TRIPOD-LLM has been developed to guide researchers, journals, healthcare professionals, LLM developers (commercially and non-commercially), and healthcare institutions in the rapidly evolving field of biomedical and healthcare LLMs. It represents minimum reporting recommendations for studies describing LLMs’ development, tuning, or evaluation. Reporting TRIPOD-LLM items will help users understand and appraise the quality of LLM study methods, increase transparency around study findings, reduce overinterpretation of study findings, facilitate replication and reproducibility, and aid in implementing the LLM.

Transparency throughout the model lifecycle has been strongly emphasized in the guidelines. Detailed documentation is emphasized at each stage of an LLM’s life cycle;37 for example, during the development and fine-tuning phases, there is an emphasis on disclosing the origins and processing of training data. Moreover, the LLM version and specifics of any fine-tuning or alignment modeling processes on top of existing foundation models must be transparently reported to enable fair comparisons of LLMs. This includes specifying the cut-off dates for when training data were collected to clarify the temporal relevance of training datasets and potential for data leakage or contamination during evaluation. In addition, studies should document the model version date and whether the model was frozen or remained dynamic during the data collection phase . Transparency regarding input data is essential because LLMs are typically trained on multiple public large-scale datasets — and thus inherently risk incorporating existing societal biases and inequities in the form of stigmatizing language as well as statistical risk allocation in disparate groups, necessitating a comprehensive and transparent approach to curating data sources and understanding potential biases.21,22,3841

Human insight and oversight are critical components of the TRIPOD-LLM statement, reflecting an emphasis on components eventually critical for the responsible deployment of LLMs (though deployment reliability and observability are outside the scope of this paper).4244 The guidelines include requirements for increased reporting of the expected deployment context and specifying the levels of autonomy assigned to the LLM, if applicable. Furthermore, there is a focus on the quality control processes employed in dataset development and evaluation, such as qualifications of human assessors, requirement for dual annotation, and specific details on instructions provided to assessors to ensure that nuances of text evaluation are captured, thus facilitating reliable assessments of safety and performance.

Prompting and task-specific performance are key additions necessitated by the unique characteristics of LLMs. The variability in prompt engineering approaches can have a considerable influence on LLM performance, potentially skewing benchmark comparisons and real-world applicability.45,46 Where relevant, reports must include comprehensive descriptions of data sources used for developing prompts, LLM model name and versions, any preprocessing steps undertaken, and methods employed in prompt engineering. This ensures that prompts are effectively designed to elicit stable and reproducible performance from LLMs. Additionally, the guidelines call for clear reporting on evaluation settings, including instructions and interfaces used and characteristics of populations involved in evaluations. This is intended to emphasize whether LLM performance is assessed under conditions that closely mimic real-world applications, providing a reliable measure of its practical utility.
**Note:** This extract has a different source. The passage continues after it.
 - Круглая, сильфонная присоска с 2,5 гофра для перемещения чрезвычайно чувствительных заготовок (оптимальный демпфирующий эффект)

We anticipate that key users and beneficiaries of TRIPOD-LLM will be (1) academic and industry researchers authoring papers, (2) journal editors and peer reviewers evaluating research papers, and (3) other stakeholders (e.g., the research community in general, academic institutions, policy-makers, funders, regulators, patients, study participants, industry, and the broader public) who will benefit from increased transparency and quality of LLM research. We encourage editors, publishers, and the industry more broadly to support adherence to TRIPOD-LLM by referring to a link within the journal’s instructions to authors, enforcing its use during the submission and peer review process, and making adherence to the recommendations an expectation. We also encourage funders to require applications for LLM studies to include a plan to report their model according to the TRIPOD-LLM recommendations, thereby minimizing research waste and ensuring value for money.
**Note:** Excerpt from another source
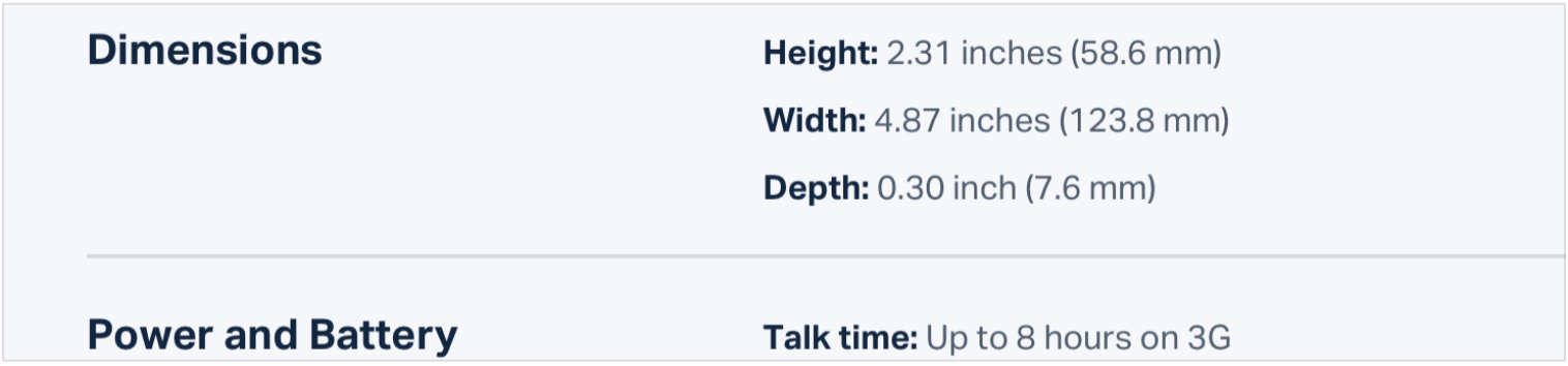在產品說明書這類資訊密集的頁面上,使用者可能會找特定資訊。比如找手機厚度時,他們會先看"厚度"這個詞,而不是具體數值"7.6毫米"。這時候標籤可以做得醒目一些,但數值也別太淡,畢竟這也是重要資訊。

Of note, this guideline was developed with text-only LLMs in mind; however, advances in multi-modal models incorporating LLMs, such as vision-language models,47 are now rapidly emerging - illustrating the need for rapid, nimble approaches for reporting guidelines. Many of the reporting considerations will be shared between text-only LLMs and these multi-modal models. For example, for vision-language models, both text and image preprocessing should be reported. However, unique considerations may arise that merit discussion in future versioning of TRIPOD-LLM or related guidelines. For example, studies reporting the development of LLMs that use imaging data should report details of image acquisition. In the interim, we suggest that studies reporting the development and/or evaluation of a method that includes an LLM as a primary component use the TRIPOD-LLM statement, although we acknowledge this may be subject to interpretation. We advise that users keep in mind the goals of reproducibility, understandability, and transparency to take a common-sense approach to deciding on the appropriate reporting guideline, and to interpreting the relevant components of TRIPOD-LLM statement items to report multimodal LLMs. Users may also refer to methodological guides from multiple AI fields, such as radiomics,48,49 to inform their reporting.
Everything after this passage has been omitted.